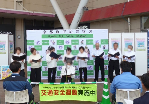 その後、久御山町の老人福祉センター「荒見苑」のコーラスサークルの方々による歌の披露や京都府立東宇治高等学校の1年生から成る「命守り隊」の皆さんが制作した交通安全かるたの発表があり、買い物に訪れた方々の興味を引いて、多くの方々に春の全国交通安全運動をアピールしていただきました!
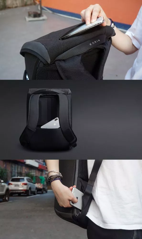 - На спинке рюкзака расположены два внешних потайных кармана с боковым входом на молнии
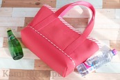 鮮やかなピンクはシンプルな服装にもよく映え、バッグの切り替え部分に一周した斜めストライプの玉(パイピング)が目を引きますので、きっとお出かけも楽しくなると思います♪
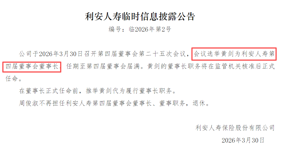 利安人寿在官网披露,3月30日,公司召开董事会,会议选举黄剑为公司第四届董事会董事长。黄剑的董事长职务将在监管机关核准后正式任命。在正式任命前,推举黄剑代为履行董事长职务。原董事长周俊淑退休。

==

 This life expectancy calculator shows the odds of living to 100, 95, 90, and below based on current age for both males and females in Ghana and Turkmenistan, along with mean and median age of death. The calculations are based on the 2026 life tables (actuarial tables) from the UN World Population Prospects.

**TASK ITEM:**
Output should consist of the lines above from the one with "鮮やかなピンクはシンプルな服" down to the one with "利安人寿在官网披露,3月30", exact and without pictures.

**RESPONSE:**
 鮮やかなピンクはシンプルな服装にもよく映え、バッグの切り替え部分に一周した斜めストライプの玉(パイピング)が目を引きますので、きっとお出かけも楽しくなると思います♪
 利安人寿在官网披露,3月30日,公司召开董事会,会议选举黄剑为公司第四届董事会董事长。黄剑的董事长职务将在监管机关核准后正式任命。在正式任命前,推举黄剑代为履行董事长职务。原董事长周俊淑退休。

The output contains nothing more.